**Given information:**
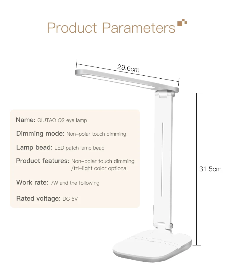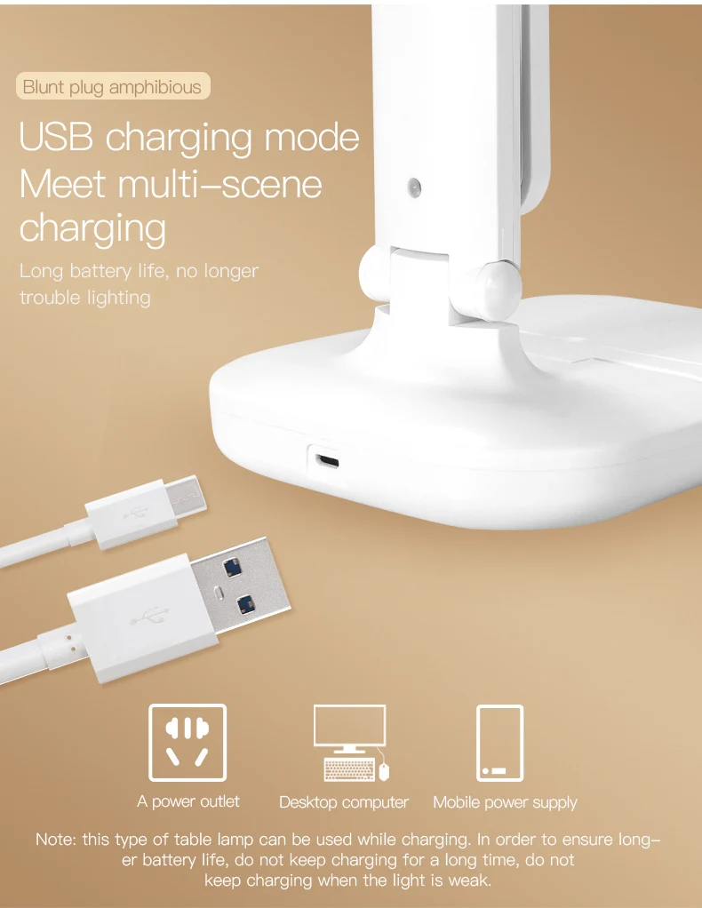 Наименование товара: светодиодный Настольный светильник Материалы: абс + светодиодный Мощность: 7 Вт Входное напряжение: 5 В постоянного тока USB Перезаряжаемый Литий-ионный аккумулятор Емкость: 2000 мАч Выход зарядного устройства: 5 В/1 А USB кабель: 1,2 м Складной
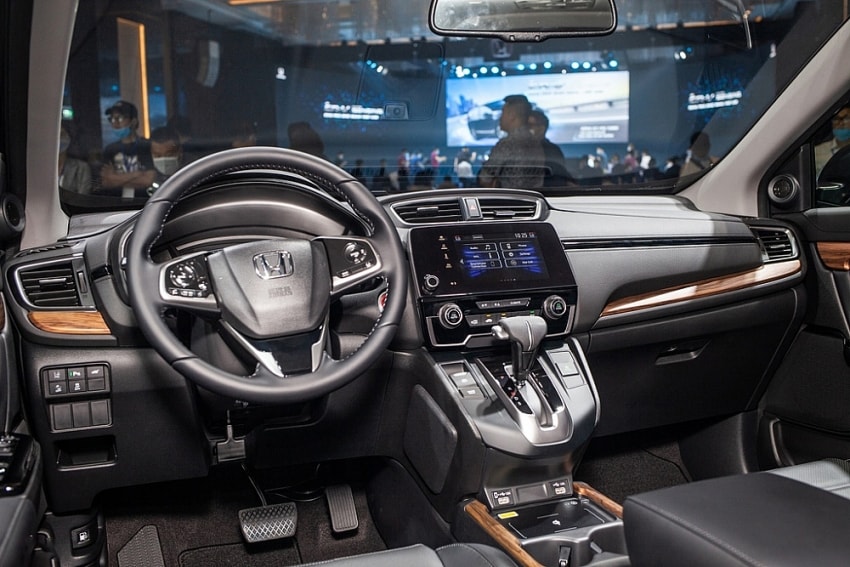 Bảng táp-lô Honda CR-V 2022 được thiết kế theo kiểu đối xứng. Trên bản tiêu chuẩn sử dụng chất liệu ốp nhựa màu kim loại, trong khi trên 2 bản cao cấp cho cảm giác sang trọng hơn với ốp gỗ. Trên thế hệ đương nhiệm, nhà sản xuất đã loại bỏ màn hình phụ phía trên và thay vào đó là 2 hốc gió điều hòa. Ngoài ra, cột A được làm mỏng, giật xéo về phía sau tạo tầm nhìn thoáng hơn cho người cầm lái. Để tạo sự thuận tiện cho người dùng, CR-V2022 cũng được trang bị đèn LED đọc sách cho hàng ghế trước và ghế sau.
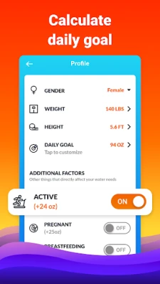 How much h2o to drink? Check it out! Our water tracker calculates your personal drinking goal considering weight, gender, activity, pregnancy, or breastfeeding. Plus, this water app can even check your weather conditions. Use this drinking water reminder app and keep dehydration at bay.

**Assigned task:**
Skip the pictures; extract only the lines from the line with "Bảng táp-lô Honda" through the final line of the material, exactly as they appear.

**Task output:**
 Bảng táp-lô Honda CR-V 2022 được thiết kế theo kiểu đối xứng. Trên bản tiêu chuẩn sử dụng chất liệu ốp nhựa màu kim loại, trong khi trên 2 bản cao cấp cho cảm giác sang trọng hơn với ốp gỗ. Trên thế hệ đương nhiệm, nhà sản xuất đã loại bỏ màn hình phụ phía trên và thay vào đó là 2 hốc gió điều hòa. Ngoài ra, cột A được làm mỏng, giật xéo về phía sau tạo tầm nhìn thoáng hơn cho người cầm lái. Để tạo sự thuận tiện cho người dùng, CR-V2022 cũng được trang bị đèn LED đọc sách cho hàng ghế trước và ghế sau.
 How much h2o to drink? Check it out! Our water tracker calculates your personal drinking goal considering weight, gender, activity, pregnancy, or breastfeeding. Plus, this water app can even check your weather conditions. Use this drinking water reminder app and keep dehydration at bay.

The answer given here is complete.